Boursin Mac and Cheese

Creamy Boursin mac and cheese with golden breadcrumb topping bubbling in a baking dish Save
Creamy Boursin mac and cheese with golden breadcrumb topping bubbling in a baking dish | rusticpinrecipes.com

This rich and indulgent mac and cheese combines the creamy comfort of classic American pasta with the distinctive tang of French Boursin cheese. The herbed garlic cheese melts beautifully into a homemade béchamel sauce, creating an incredibly velvety coating for every elbow noodle. Sharp cheddar adds depth while a hint of nutmeg enhances the savory flavors. Optional panko topping provides satisfying crunch when baked until golden.

The first time I made this, my roommate wandered into the kitchen asking what smelled so incredible. I had just discovered that Boursin melts into the most luxurious sauce base imaginable, turning regular mac and cheese into something dinner-party worthy without any extra effort.

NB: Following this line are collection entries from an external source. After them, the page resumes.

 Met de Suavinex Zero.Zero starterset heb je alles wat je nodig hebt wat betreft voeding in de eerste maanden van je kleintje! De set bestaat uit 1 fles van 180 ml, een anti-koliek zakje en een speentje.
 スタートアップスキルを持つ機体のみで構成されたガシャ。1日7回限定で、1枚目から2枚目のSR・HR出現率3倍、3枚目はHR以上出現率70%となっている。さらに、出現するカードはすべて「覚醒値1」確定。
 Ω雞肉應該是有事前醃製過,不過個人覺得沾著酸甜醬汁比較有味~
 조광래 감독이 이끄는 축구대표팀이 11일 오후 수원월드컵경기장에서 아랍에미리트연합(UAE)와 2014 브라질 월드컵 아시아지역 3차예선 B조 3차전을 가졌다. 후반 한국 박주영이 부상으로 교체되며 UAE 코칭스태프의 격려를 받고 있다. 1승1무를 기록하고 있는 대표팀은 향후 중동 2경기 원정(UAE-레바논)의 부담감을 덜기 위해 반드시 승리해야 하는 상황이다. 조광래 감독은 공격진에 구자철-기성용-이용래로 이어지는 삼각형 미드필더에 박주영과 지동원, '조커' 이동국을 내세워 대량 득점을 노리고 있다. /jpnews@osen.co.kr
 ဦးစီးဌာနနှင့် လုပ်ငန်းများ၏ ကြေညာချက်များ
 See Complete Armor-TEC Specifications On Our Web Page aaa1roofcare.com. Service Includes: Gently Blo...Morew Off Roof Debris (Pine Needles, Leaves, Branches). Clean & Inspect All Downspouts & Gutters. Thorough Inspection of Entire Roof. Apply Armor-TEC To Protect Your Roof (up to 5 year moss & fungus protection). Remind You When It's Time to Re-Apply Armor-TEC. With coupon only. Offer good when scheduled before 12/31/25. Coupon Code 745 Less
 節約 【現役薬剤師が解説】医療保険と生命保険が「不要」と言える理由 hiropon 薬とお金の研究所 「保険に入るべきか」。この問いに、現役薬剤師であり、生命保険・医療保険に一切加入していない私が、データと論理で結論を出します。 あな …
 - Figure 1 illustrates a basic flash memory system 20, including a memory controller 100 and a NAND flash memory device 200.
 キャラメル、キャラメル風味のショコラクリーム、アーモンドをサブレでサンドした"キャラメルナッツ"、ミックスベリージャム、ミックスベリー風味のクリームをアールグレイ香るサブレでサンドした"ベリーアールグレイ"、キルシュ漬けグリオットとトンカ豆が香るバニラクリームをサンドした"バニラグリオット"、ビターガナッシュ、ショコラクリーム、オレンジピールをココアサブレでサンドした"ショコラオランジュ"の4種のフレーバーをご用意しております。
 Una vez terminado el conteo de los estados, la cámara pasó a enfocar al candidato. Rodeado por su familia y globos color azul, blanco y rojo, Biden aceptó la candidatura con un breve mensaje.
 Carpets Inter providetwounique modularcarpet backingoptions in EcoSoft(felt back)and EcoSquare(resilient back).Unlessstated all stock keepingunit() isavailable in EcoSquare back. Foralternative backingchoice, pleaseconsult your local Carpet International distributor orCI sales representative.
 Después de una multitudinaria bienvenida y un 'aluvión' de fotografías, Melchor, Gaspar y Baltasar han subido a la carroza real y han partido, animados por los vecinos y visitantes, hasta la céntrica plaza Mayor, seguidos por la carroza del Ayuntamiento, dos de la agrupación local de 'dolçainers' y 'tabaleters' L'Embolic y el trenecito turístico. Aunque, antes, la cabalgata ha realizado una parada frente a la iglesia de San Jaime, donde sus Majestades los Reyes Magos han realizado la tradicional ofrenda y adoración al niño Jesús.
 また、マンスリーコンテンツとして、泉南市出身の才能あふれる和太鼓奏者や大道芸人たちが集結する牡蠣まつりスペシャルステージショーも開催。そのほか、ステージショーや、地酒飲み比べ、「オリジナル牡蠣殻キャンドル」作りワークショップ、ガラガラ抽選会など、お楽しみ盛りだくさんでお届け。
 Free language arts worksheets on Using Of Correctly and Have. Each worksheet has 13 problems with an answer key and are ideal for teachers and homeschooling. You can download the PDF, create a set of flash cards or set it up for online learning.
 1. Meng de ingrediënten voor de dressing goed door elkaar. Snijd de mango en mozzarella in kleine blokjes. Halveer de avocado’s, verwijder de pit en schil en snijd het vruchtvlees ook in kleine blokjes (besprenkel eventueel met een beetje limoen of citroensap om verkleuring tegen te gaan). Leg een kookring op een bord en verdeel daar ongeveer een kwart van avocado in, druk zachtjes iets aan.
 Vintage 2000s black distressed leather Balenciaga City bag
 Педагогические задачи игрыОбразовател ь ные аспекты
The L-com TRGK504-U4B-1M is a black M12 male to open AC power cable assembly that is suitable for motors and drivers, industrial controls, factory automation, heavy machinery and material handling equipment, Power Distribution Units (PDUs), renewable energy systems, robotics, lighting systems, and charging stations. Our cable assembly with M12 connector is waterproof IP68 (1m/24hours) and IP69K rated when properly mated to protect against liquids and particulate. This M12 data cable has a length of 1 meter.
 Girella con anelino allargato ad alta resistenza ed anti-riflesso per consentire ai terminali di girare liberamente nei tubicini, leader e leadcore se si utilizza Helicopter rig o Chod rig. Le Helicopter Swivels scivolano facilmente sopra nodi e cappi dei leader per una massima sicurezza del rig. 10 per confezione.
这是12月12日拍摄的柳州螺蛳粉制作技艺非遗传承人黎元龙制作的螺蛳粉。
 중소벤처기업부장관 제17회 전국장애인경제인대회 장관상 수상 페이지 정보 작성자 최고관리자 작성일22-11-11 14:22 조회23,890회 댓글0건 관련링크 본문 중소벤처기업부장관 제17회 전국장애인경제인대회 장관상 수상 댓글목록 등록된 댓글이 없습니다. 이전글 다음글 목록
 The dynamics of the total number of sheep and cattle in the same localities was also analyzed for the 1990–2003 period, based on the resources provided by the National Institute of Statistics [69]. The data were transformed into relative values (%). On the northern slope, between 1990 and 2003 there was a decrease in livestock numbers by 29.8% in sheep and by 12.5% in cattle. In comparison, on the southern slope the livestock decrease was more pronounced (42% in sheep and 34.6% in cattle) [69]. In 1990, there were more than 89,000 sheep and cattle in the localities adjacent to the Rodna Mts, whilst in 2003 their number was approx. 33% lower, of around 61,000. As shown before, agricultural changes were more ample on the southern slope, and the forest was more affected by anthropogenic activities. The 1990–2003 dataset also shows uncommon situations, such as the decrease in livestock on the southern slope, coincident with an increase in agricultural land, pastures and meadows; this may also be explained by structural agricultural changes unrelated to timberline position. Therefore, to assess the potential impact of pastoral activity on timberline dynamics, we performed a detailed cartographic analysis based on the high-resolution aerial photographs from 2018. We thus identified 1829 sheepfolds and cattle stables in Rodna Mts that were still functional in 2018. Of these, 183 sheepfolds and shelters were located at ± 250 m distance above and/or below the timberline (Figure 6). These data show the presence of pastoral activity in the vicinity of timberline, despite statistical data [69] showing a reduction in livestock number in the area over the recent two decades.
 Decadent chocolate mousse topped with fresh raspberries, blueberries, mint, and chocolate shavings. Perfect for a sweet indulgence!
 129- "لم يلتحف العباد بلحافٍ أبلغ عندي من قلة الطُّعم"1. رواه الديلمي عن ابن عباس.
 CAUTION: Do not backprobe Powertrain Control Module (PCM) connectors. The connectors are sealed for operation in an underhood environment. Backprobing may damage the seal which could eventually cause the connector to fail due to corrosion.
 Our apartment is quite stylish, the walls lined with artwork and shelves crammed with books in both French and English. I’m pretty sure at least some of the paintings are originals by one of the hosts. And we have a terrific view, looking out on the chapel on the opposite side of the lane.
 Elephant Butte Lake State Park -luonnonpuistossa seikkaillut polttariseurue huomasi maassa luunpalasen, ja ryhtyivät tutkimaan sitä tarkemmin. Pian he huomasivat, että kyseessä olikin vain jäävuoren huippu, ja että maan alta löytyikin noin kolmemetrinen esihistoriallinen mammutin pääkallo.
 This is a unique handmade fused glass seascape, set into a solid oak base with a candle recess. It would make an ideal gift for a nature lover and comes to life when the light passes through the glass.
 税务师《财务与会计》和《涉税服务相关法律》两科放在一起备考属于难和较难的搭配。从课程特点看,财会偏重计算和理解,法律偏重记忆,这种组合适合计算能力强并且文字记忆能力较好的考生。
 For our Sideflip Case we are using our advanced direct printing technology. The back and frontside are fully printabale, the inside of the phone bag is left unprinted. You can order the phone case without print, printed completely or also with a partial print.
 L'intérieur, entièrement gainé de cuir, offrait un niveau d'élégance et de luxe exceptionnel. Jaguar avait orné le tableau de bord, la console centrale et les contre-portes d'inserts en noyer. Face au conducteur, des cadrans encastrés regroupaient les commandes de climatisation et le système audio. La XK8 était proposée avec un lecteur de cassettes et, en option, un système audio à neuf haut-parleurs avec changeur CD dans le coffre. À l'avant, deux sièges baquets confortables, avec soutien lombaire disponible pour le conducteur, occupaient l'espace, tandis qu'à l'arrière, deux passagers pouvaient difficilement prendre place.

I brought this to a potluck last winter and watched three different people ask for the recipe. Someone actually went back for thirds before I could even sit down with my own plate. Now it's my go-to when I need to feed a crowd and want something that feels special but doesn't require restaurant skills.

Ingredients

  • 350 g elbow macaroni: Short pasta catches the sauce in all those little curves and elbows perfectly
  • 200 g Boursin Garlic & Fine Herbs: This soft cheese melts into the silkiest base imaginable with built-in seasoning
  • 120 g shredded sharp cheddar: Adds that classic cheese pull and sharp flavor contrast
  • 480 ml whole milk: Full fat makes a noticeably creamier sauce worth every calorie
  • 30 g unsalted butter: Essential for building the roux that thickens your sauce
  • 20 g all-purpose flour: Just enough to give the sauce body without becoming pasty
  • 1/2 tsp salt and 1/4 tsp black pepper: Adjust these to taste since the Boursin is already seasoned
  • 40 g panko breadcrumbs: Creates that irresistible crunchy topping that makes baked mac and cheese legendary

Instructions

Get your pasta going:
Bring a large pot of salted water to boil and cook macaroni until just shy of done, it will finish in the sauce later
Build your base:
Melt butter over medium heat and whisk in flour, cooking for one minute until it bubbles and smells slightly nutty
Create the béchamel:
Slowly pour in milk while whisking constantly, keep stirring until the sauce thickens enough to coat the back of a spoon
Melt in the magic:
Lower the heat and stir in both cheeses until completely melted and smooth, then add your seasonings
Bring it together:
Fold in the cooked pasta and let everything hang out for a minute so the noodles soak up some sauce
The optional golden crown:
Mix panko with melted butter and Parmesan, sprinkle over the top, and bake at 200°C until bubbly and golden
Rich and cheesy Boursin mac and cheese pasta coated in smooth white herb sauce Save
Rich and cheesy Boursin mac and cheese pasta coated in smooth white herb sauce | rusticpinrecipes.com

My sister called me from the grocery store while I was testing this recipe, sounding skeptical about the Boursin. Two days later she texted me a photo of an empty baking dish and said it was the best mac and cheese she had ever made. Sometimes the simplest twists are the ones that change everything.

Make It Your Own

I've tried every Boursin flavor and the garlic and herbs remains my favorite, but the pepper version adds a lovely warmth. The shallot and chive works beautifully if you want something milder. Don't be afraid to experiment with different combinations.

Serving Suggestions

This makes an incredible main dish but also shines as a side alongside roasted chicken or grilled steak. I've served it at everything from casual weeknight dinners to holiday gatherings, and it never fails to disappear quickly.

Storage and Reheating

The sauce absorbs into the pasta overnight, which some people actually prefer. Reheat gently with a splash of milk to bring back the creaminess.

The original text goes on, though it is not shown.